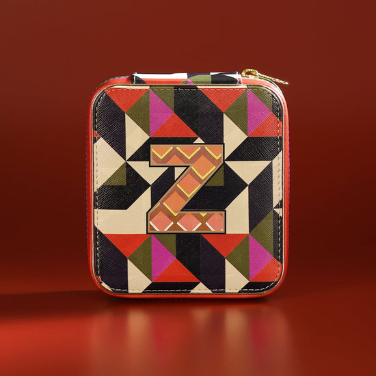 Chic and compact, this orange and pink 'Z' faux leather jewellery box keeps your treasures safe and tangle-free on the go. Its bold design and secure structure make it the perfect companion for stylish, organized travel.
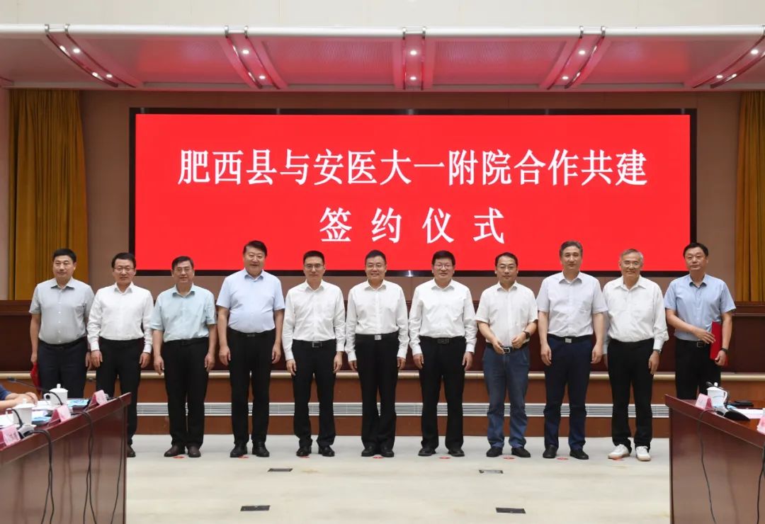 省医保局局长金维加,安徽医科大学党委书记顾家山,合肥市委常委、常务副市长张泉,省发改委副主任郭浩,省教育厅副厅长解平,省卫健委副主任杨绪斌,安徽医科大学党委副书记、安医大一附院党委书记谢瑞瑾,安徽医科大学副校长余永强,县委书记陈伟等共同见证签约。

---

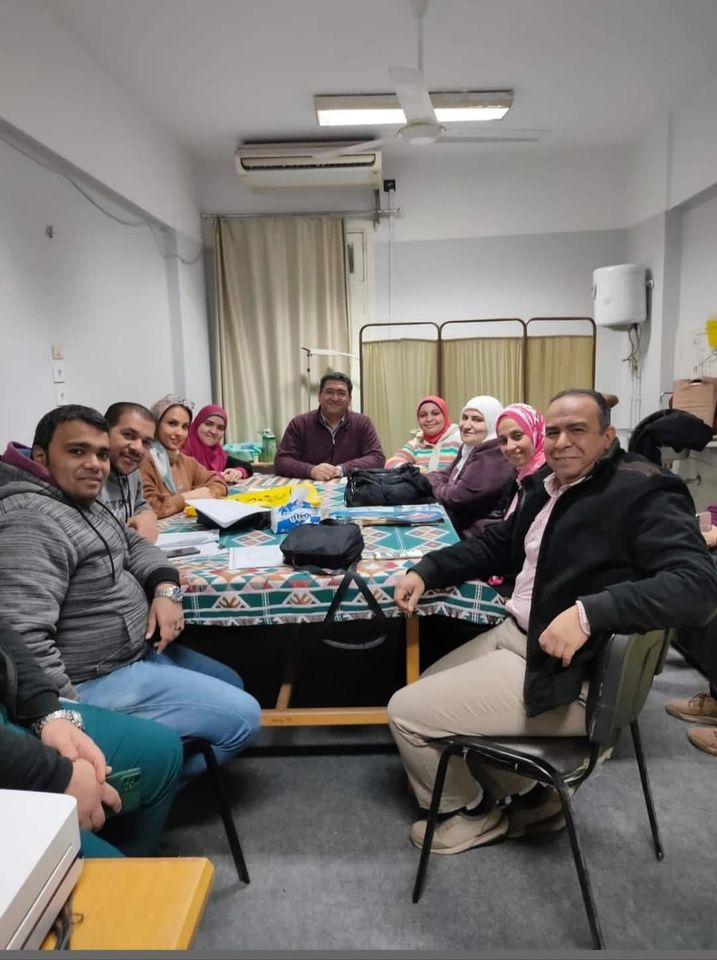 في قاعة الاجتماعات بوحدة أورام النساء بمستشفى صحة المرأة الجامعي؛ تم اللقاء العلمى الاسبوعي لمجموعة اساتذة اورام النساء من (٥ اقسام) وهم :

■ Goal of the exercise ■
In the listing above, find the line containing "Chic and compact, this" and the line containing "省医保局局长金维加,安徽医科"; print those lines and every line between them exactly, leaving out pictures.

■ Solution to this problem ■
 Chic and compact, this orange and pink 'Z' faux leather jewellery box keeps your treasures safe and tangle-free on the go. Its bold design and secure structure make it the perfect companion for stylish, organized travel.
 省医保局局长金维加,安徽医科大学党委书记顾家山,合肥市委常委、常务副市长张泉,省发改委副主任郭浩,省教育厅副厅长解平,省卫健委副主任杨绪斌,安徽医科大学党委副书记、安医大一附院党委书记谢瑞瑾,安徽医科大学副校长余永强,县委书记陈伟等共同见证签约。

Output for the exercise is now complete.